Molecular mechanism for adiponectin-dependent M2 macrophage polarization: link between the metabolic and innate immune activity of full-length adiponectin

Abstract

The anti-inflammatory effects of globular adiponectin (gAcrp) are mediated by IL-10/heme oxygenase 1 (HO-1)-dependent pathways. Although full-length (flAcrp) adiponectin also suppresses LPS-induced pro-inflammatory signaling, its signaling mechanisms are not yet understood. The aim of this study was to examine the differential mechanisms by which gAcrp and flAcrp suppress pro-inflammatory signaling in macrophages. Chronic ethanol feeding increased LPS-stimulated TNF-α expression by Kupffer cells, associated with a shift to an M1 macrophage polarization. Both gAcrp and flAcrp suppressed TNF-α expression in Kupffer cells; however, only the effect of gAcrp was dependent on IL-10. Similarly, inhibition of HO-1 activity or siRNA knockdown of HO-1 in RAW264.7 macrophages only partially attenuated the suppressive effects of flAcrp on MyD88-dependent and -independent cytokine signatures.
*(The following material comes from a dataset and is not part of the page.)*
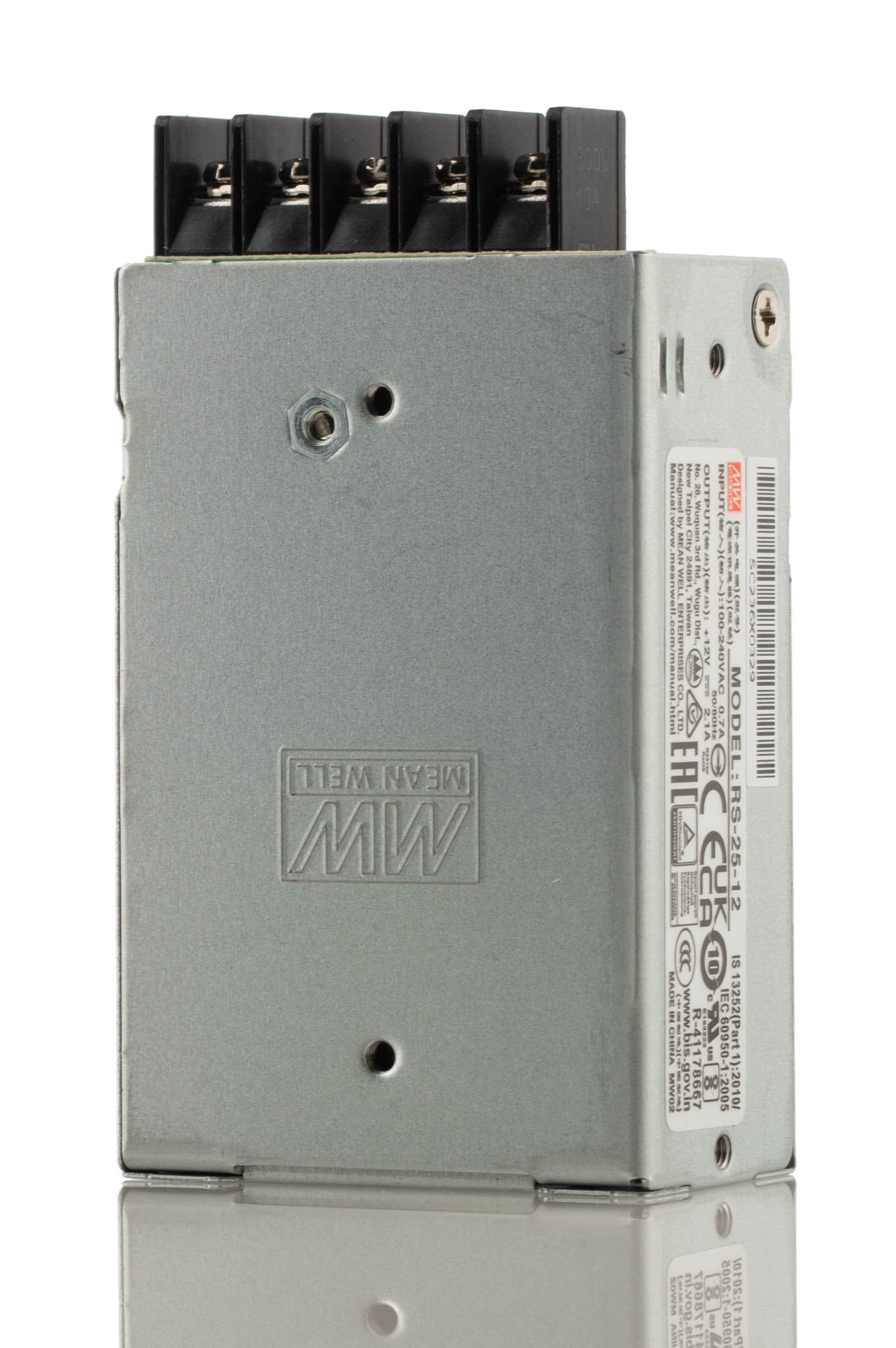 This is 25W Embedded Switch Mode Power Supply SMPS 2.1A 12V dc manufactured by Mean Well. The manufacturer part number is RS-25-12. Additionally, the product is supplied with 1 outputs. The product has +70°c maximum temperature. The product is available in chassis mount configuration. The typical product's weight is 200g. It is a highly efficient product with an 81.5% of high efficiency. While its minimum temperature is -20°c. Its accurate length is 78mm. Furthermore, the product is 51mm wide. The product comes in 28mm depth. Its input voltage is 125 → 373 v dc, 88 → 264 v ac. The package is a sort of enclosed. Features a 12v dc output voltage. Feature 25w of power rating. It carries 2.1a output current.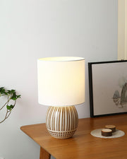 The Terra Stripes Table Lamp is inspired by the natural beauty of earthy textures and geometric patterns. The ceramic base features vertical stripes and accents, creating a sense of organic elegance reminiscent of handmade pottery. Paired with a crisp white drum shade, this lamp perfectly blends rustic charm with modern sophistication, making it the perfect addition to any modern or transitional interior.

Instead, flAcrp, acting via the adiponectin R2 receptor, potently shifted the polarization of Kupffer cells and RAW264.7 macrophages to an M2 phenotype. gAcrp, acting via the adiponectin R1 receptor, was much less effective at eliciting an M2 pattern of gene expression. M2 polarization was also partially dependent on AMP-activated kinase. flAcrp polarized RAW264.7 macrophages to an M2 phenotype in an IL-4/STAT6-dependent mechanism. flAcrp also increased the expression of genes involved in oxidative phosphorylation in RAW264.7 macrophages, similar to the effect of flAcrp on hepatocytes. In summary, these data demonstrate that gAcrp and flAcrp utilize differential signaling strategies to decrease the sensitivity of macrophages to activation by TLR4 ligands, with flAcrp utilizing an IL-4/STAT6-dependent mechanism to shift macrophage polarization to the M2/anti-inflammatory phenotype.

FIGURE 1.

Anti-inflammatory effects of gAcrp and flAcrp are differentially dependent on IL-10 in Kupffer cells from ethanol- and pair-fed rats. Kupffer cells isolated from ethanol- and pair-fed rats were transfected or not with 100 nm IL-10 siRNA or scrambled siRNA and then cultured with or without 45 nm gAcrp or flAcrp for 18 h. Kupffer cells were then stimulated with 100 ng/ml LPS for 60 min, and TNF-α and 18 S mRNA were measured by qRT-PCR. n = 4. Values with different superscripts (a–d) within each treatment group are significantly different from each other (p < 0.05).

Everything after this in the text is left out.